The rain slows and stops within an hour. Small blonde adventurers emerge from their vinyl den, shrilly enjoying the break in the storm. There is plenty of time to enjoy the increasing spread of the valley as it widens, very green and inviting at this time of year. On the approach to Split Mountain everyone enjoys the return of the sun and laughs at the wet whipping that has passed. Thinking about it now, I realize that we did not have to run a single rapid during that downpour.

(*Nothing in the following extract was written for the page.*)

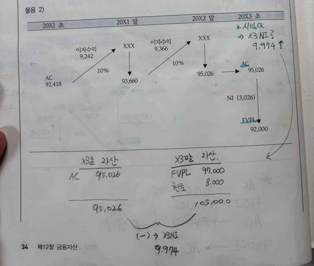 중급회계 [4판-下] 제 12장 금융자산(p.34) 작성자전우진|작성시간26.03.06|조회수41 목록 댓글 1 글자크기 작게가 글자크기 크게가 기초자산과 기말자산 차이로 당기손익을 구하는 방식에 대한 질문입니다. x3년초 자산에 ‘AC금융자산 + x1,x2년에 들어온 액면이자 현금16,000원‘ 이 되어야 하는 것이 아닌지 여쭙고자 글 남깁니다. 다음검색 현재 게시글 추가 기능 열기 북마크 공유하기 신고 센터로 신고 댓글 댓글 1 댓글쓰기 답글쓰기 댓글 리스트 작성자황윤하 | 작성시간 26.03.08 현금 16,000원은 기초 기말 동일하게 있습니다. 기초와 기말에 동일하게 포함하든 안하든 당기손익은 동일합니다. 댓글 전체보기

The put-in at the entrance to Split Mountain trips is our last on-river rest stop, and here we meet the most interesting group that we have seen. Eighteen or 20 people from Idaho, Oregon and Utah are on rafts, supporting inflatable and regular plastic kayaks. The thing that really gives me hope for the future is this: At least half of these boaters were youngsters from 12 to 17. One girl about 15 proudly tells me of her trip through Hell’s Half Mile in a rubber ducky. I admired her, knowing that I would have been quite nervous in a kayak, much less one of those inflatable ones. These families really have a handle on the kind of time to spend with their kids, and I admire that the most.
Moonshine, SOB and Schoolboy rapids have all been known to snare the unwary. Our adrenaline rises for these last few rides through big waves, some standing 7-feet high. Then the final bend in the river is reached, and around it we find the take-out.
After breaking down the boats we drive 100 meters to the campsite and settle in for a barbecue. That evening we talk to the river ranger and nod knowingly at one another when he tells us that the flow at this point is currently 12,000 cubic feet per second. We joke with him, claiming that at least half of that came from the hour of rain that hit us. It almost feels like another river night: We still sleep within the gentle crashing of river riffles, canyon walls, and the crystal starred sky still cover us.
Friday morning, June 28, is our first day back to civilization. A “Universal Grandma” drives up in her park maintenance vehicle as we pack the trailer for the road trip home at the Gates of Lodore campground. She is one in a million retired Americans, spends her days cleaning the bathrooms and campsites of this federal recreational facility.
On the way out of Dinosaur Monument, we stop and visit the Dinosaur Quarry. It’s the working area built around a cliff that holds many dinosaur skeletons, an entire fossilized stream bank. Hollywood special effects are not needed to help you feel the immensity contained here. You can touch their leg bones, their skulls, look way up as you stand next to them. On the lowest level we read the labels of crates, packed with huge fossils wrapped in plaster, bound for museums all over the world.
Each week since the trip, I hear the water from Lodore more faintly. Even the hour-long kayak run through town (Yampa River through Steamboat Springs) is too low to get me high.